Exercise requirements → Starting at the line that has "Not every correction" and stopping after the line that has "be created expressing", reproduce the listing below exactly; omit everything else.

Source data →
════════════════════

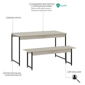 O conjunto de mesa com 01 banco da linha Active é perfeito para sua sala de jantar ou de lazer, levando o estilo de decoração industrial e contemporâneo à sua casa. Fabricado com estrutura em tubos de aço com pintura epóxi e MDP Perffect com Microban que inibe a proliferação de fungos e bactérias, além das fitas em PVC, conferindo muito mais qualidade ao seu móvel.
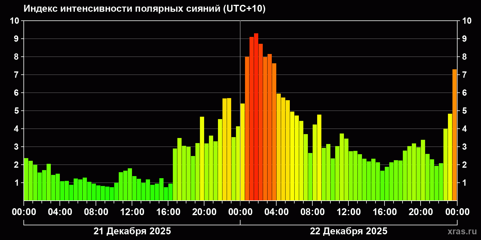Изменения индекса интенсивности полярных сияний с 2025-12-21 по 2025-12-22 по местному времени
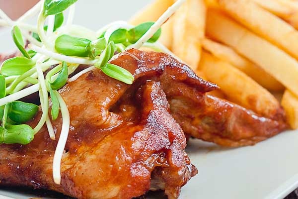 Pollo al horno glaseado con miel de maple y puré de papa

════════════════════

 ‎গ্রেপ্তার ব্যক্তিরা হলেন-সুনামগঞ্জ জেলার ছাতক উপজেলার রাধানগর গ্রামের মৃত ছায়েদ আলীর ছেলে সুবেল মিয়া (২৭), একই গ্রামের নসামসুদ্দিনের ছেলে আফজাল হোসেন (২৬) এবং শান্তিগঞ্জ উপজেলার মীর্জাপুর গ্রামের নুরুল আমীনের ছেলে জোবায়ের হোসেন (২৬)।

════════════════════

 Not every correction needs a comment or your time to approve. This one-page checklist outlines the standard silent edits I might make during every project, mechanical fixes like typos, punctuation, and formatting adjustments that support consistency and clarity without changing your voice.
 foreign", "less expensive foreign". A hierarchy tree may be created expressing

════════════════════

Answer to the exercise →
 Not every correction needs a comment or your time to approve. This one-page checklist outlines the standard silent edits I might make during every project, mechanical fixes like typos, punctuation, and formatting adjustments that support consistency and clarity without changing your voice.
 foreign", "less expensive foreign". A hierarchy tree may be created expressing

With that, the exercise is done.